# Fische sollen rein, aber wieviele???



## Marc_HBNord (15. Juli 2008)

Hallo,

habe hier ja in einen anderen Beitrag Fragen zum Besatz meines Gartenteiches gemacht, und den Teich dort auch beschrieben.

http://i31.tinypic.com/ji1d8o.jpg

Ich habe mich jetzt dazu entschlossen, nur "kleine" Arten einzusetzen, damit ich auch noch andere Tiere im Teich bewundern kann.

Meine Wahl ist auf __ Moderlieschen und Elritzen (evt Goldelritzen) gefallen.

Gute Wahl?
Wieviele sollten es pro Art denn nun sein?

Danke 

Marc


----------



## jochen (15. Juli 2008)

*AW: Fische sollen rein, aber wieviele???*

Hi Marc,

sehr gute Wahl...

an deiner Stelle würde ich den Teich mit etwa 15-20 Goldelritzen,
und 10 __ Moderlieschen besetzen.

Ich kenne deinen Teich leider nicht, hab in letzter Zeit wenig Zeit für das Forum gefunden,
ich würde dir raten an einer Stelle am Teich eine kleine Strömung für die sauerstoffliebenden Elritzen zu schaffen.
Am besten den Filtereinlauf so einleiten, das die Strömung kurz unter der Wasseroberfläche liegt, so schaffst du eine gute Oberflächenbewegung.
Durch eine Oberflächenströmung bekommst du den Sauerstoff am effektivsten in das Wasser.


----------



## Plätscher (15. Juli 2008)

*AW: Fische sollen rein, aber wieviele???*



			
				jochen schrieb:
			
		

> Hi Marc,
> 
> 
> ich würde dir raten an einer Stelle am Teich eine kleine Strömung für die sauerstoffliebenden Elritzen zu schaffen.
> ...



Hallo,

das ist bei Goldelritzen nicht nötig. Es ist eine andere Art wie unsere einheimischen Elritzen, die etwas Strömung bevorzugen.


----------



## chromis (15. Juli 2008)

*AW: Fische sollen rein, aber wieviele???*

Die beiden Arten wären bestimmt eine gute Wahl, belasten auch den Teich nicht zu sehr. Zusätzliches Futter erübrigt sich auch.
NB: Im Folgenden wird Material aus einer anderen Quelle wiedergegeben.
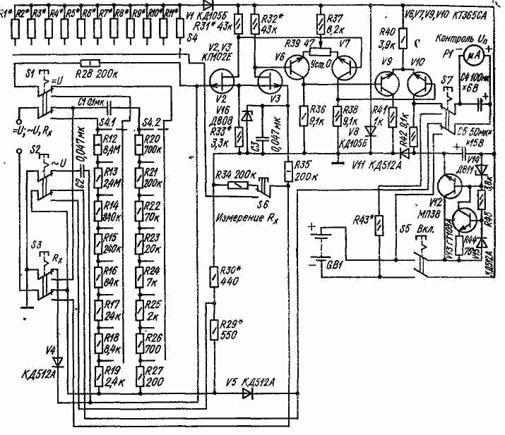 Последовательно с микроамперметром включены резисторы R29*, R30*, на которых выделяется напряжение отрицательной обратной связи, пропорциональное току через микроамперметр. Схема прибора составлена так, что усиливается только положительное напряжение, подаваемое на затвор транзистора V2 (инвертирующий вход дифференциального усилителя) и отрицательное, подаваемое на затвор V3 (неинвертирующий вход). При напряжениях обратной полярности транзистор V10 закрывается и ток обратного отклонения микроамперметра можно получить лишь за счет вспомогательного питания. Поэтому в коллекторную цепь транзистора V9 включен диод VII, и с него снимают напряжение для компенсации падения напряжения на резисторе R42, создаваемого начальным током транзистора. Этот ток выбирают в пределах 0,04...0,05 мА для повышения линейности начального участка характеристики усилителя. Кнопки S1-S3 служа* для выбора вида измерений. Переключателем S4 изменяют пределы измерений. Защита прибора от перегрузок при измерении напряжений осуществляется .резистором R28 и диодом V4, при измерении сопротивлений - резистором R35 и диодом V16. Диоды VI и V8 также служат для защиты транзисторов усилителя от перегрузок.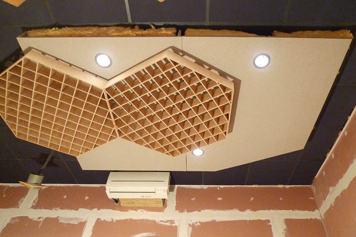 Nice work with the perimeter holes. Presumably for acoustic purposes, so the cloud will be effective for modes along the length and breadth of the room as well as up and down?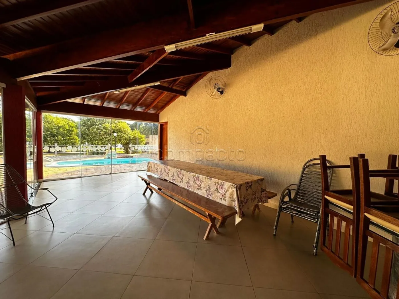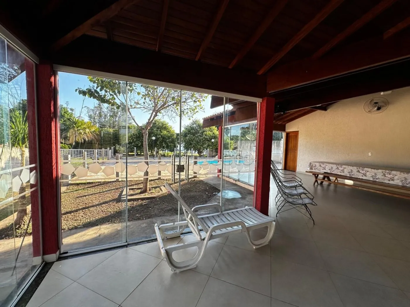 Rancho mobiliado 3 dormitórios todos suítes com ar condicionado, ventilador de teto, sala de jantar, sala de estar, cozinha, área de serviço, lavabo, box Blindex, varanda, churrasqueira, piscina e 4 vagas de garagem.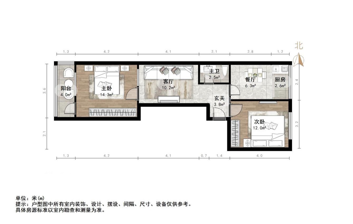 朝向南北 建筑面积67㎡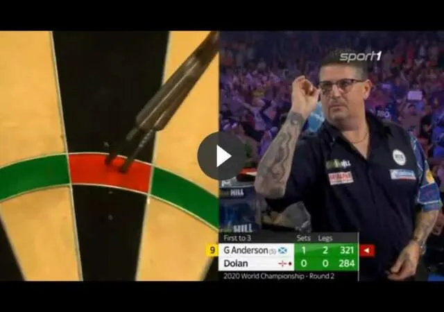 Gary Anderson op het PDC WK 2020 presteerde de Schot iets opmerkelijks. Hij gooide '9 perfecte pijlen' maar toch is hij niet halverwege de 100.000 pond dat staat op het gooien van twee 9-darters. Zoals te zien is op onderstaande beelden gooide hij dit namelijk achterstevoren. Voor de oplettende kijker gooit hij bovendien 3 punten te veel maar bijzonder is het zeker.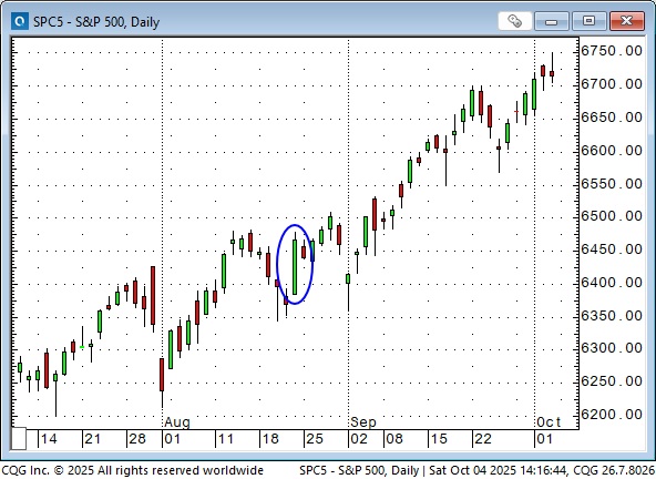 The S&P is up ~5.5% since the FOMC cut rates on August 22 (blue ellipse), and signalled more cuts to come over the next few months.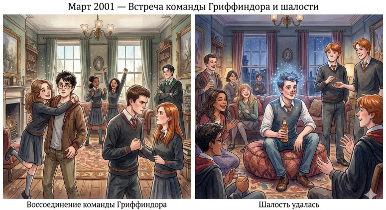 Март 2001 года. На вечеринке Оливер Вуд с синими волосами и свиным носом — жертва шуток Рона и Джорджа — сидит с пивом под общий хохот, пока невозмутимый Рон предлагает ему еще арахиса.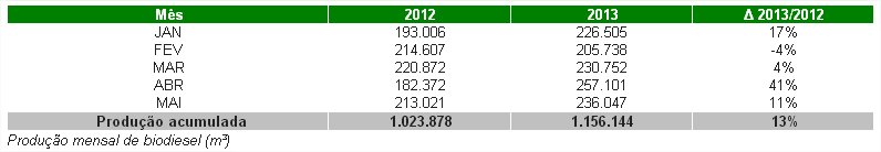 Produção acumulada de biodiesel em 2013 é recorde nos primeiros cinco meses do ano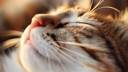 A calm domestic cat with closed eyes purring softly as it is being petted highlighting the moment of pure relaxation and affectionate bond with its owner
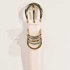 The Dehanche Helica Mixed Metal Belt is a handcrafted Italian accessory defined by sculptural elegance and modern versatility. Designed with 25K gold-plated and silver Zamak hardware, it is detailed with five ring adornments and refined carved accents for a subtle yet elevated statement.

Wenn Du schlau bist und Geduld hast, dann lässt Du den Teich dieses Jahr in Ruhe und besetzt erst nächstes Jahr.


----------



## Redlisch (15. Juli 2008)

*AW: Fische sollen rein, aber wieviele???*

Hallo,

falls du Eisvögel in der Nähe hast, nimm lieber normale Elritzen...
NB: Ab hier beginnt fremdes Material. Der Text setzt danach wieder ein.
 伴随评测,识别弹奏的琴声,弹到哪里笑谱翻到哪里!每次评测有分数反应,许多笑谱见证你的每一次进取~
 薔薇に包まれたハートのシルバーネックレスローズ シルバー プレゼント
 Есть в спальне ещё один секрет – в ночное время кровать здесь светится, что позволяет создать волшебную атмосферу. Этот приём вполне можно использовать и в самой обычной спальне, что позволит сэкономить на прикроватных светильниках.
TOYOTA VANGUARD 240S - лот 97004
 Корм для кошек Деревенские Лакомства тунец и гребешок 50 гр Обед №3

Die Goldelritzen sind wegen der guten Sichtbarkeit eine bevorzugte Beute, wie ich wieder feststellen musste ...:evil 

Axel


----------



## Plätscher (15. Juli 2008)

*AW: Fische sollen rein, aber wieviele???*



			
				Redlisch schrieb:
			
		

> Hallo,
> 
> falls du Eisvögel in der Nähe hast, nimm lieber normale Elritzen...
> 
> ...



Wenn ich mit Goldelritzen einen Eisvogel anlocken könnte, würde ich ihn damit gerne füttern.
Leider werden sie immer seltener, schade.


----------



## Superjo40 (15. Juli 2008)

*AW: Fische sollen rein, aber wieviele???*

Der Teich ist sehr schön - aber er sieht sehr flach aus. An das Überwintern denken!

Gruß JO:smoki


----------



## Marc_HBNord (15. Juli 2008)

*AW: Fische sollen rein, aber wieviele???*



			
				Superjo40 schrieb:
			
		

> Der Teich ist sehr schön - aber er sieht sehr flach aus. An das Überwintern denken!
> 
> Gruß JO:smoki



Das täuscht, die Tiefzone ist 1,40 tief.


----------



## Redlisch (16. Juli 2008)

*AW: Fische sollen rein, aber wieviele???*



			
				Plätscher schrieb:
			
		

> Wenn ich mit Goldelritzen einen Eisvogel anlocken könnte, würde ich ihn damit gerne füttern.
> Leider werden sie immer seltener, schade.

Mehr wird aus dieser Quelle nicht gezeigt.